I vaguely remember this conundrum from my childhood but can't remember how to explain that it can't happen.

A Hare and a Tortoise decide to have a race.

As the hare can run ten times faster than the tortoise he gives the tortoise a head start.

Off the tortoise goes and when he reaches a point 100 miles/kilometres or whatever, from the start the hare begins to run. 

As he can run ten times faster than the tortoise he arrives at the “100” point in one tenth of the time the tortoise took to get there. 

The tortoise however didn’t stop when he got there but continued to race on. 

By the time the hare has reached point “100” the tortoise has reached point “110”.

The hare continues to race and reaches point 110 but of course, the tortoise has moved on to point “111” and so it goes on……

Does the hare ever catch the tortoise?


Any maths teachers out there?


----------



## Wizzo (Dec 3, 2007)

tonyt said:


> The hare continues to race and reaches point 110 but of course, the tortoise has moved on to point "111" and so it goes on……


Well no it doesn't because by this time the tortoise has already been overtaken! Unless of course the hare has stopped for his obligatory nap which is why in the fable he loses the race.

JohnW


----------



## tonyt (May 25, 2005)

Wizzo said:


> Well no it doesn't because by this time the tortoise has already been overtaken.................
> JohnW


Yep - I'd worked that bit out - I just can't get my brain to explain how to work out at what point the hare overtook the tortoise.


----------



## safariboy (May 1, 2005)

You have discovered the joys of the infinite series with a finite sum.

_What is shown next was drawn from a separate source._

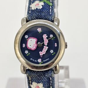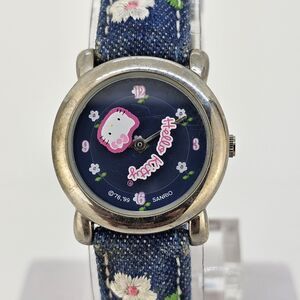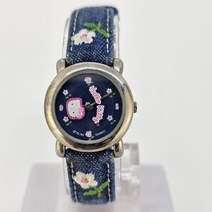 Hello Kitty Girls Watch 26MM Blue Dial Blue Denim Leather Bands New Battery

There are plenty of examples.

I cannot write it in this type of space but try any A level maths book.


----------



## Kelcat (Apr 20, 2008)

I feel this could best be explained with a graph...

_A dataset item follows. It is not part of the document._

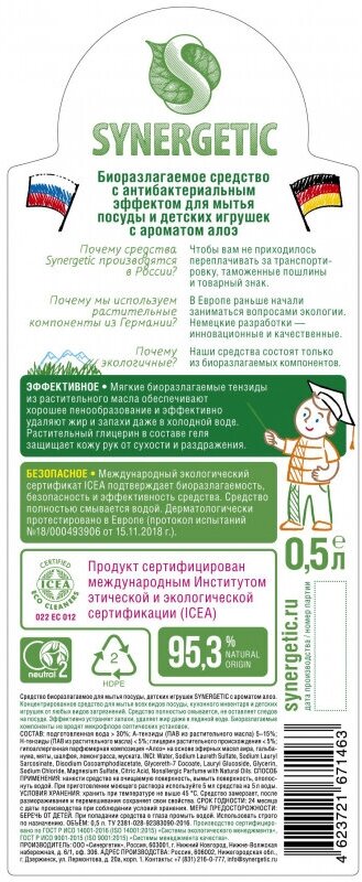 SYNERGETIC Средство для мытья посуды, детских игрушек биоразлагаемое SYNERGETIC с ароматом алоэ, 0,5 л

....unfortunatly as I'm spending this evening in the company of my oldest friend (Irish with a smooth dark body a creamy white top) - I am unable to help you further :lol: :lol: :lol:


----------



## Wizzo (Dec 3, 2007)

OK Tony, here goes......

Assuming the Tortoise covers 10 miles a day and therefore the Hare will cover 100 miles a day, and for simplicity we will say that the day is 100 minutes long, then:

The Tortoise covers 1 mile in 10 minutes; the Hare covers 10 miles in 10 minutes.

At the end of 10 days the Tortoise has covered 100 miles.

Day 11 the Tortoise covers another 10 miles and the Hare covers his first 100.

Day 12. After ten minutes the Tortoise has covered another mile so now he has done 111 miles. Meanwhile the Hare has covered 10miles in that 10 minutes so he has covered 110 miles. After 11 minutes the Tortoise has covered 111.1 miles and the Hare has done 111 miles. During the following minute the Hare will overtake the Tortoise - the Tortoise will have only covered 111.2 miles at the end of the 12th minute whereas the Hare will have covered 112 miles.

I hope that has explained it simply enough.

JohnW


----------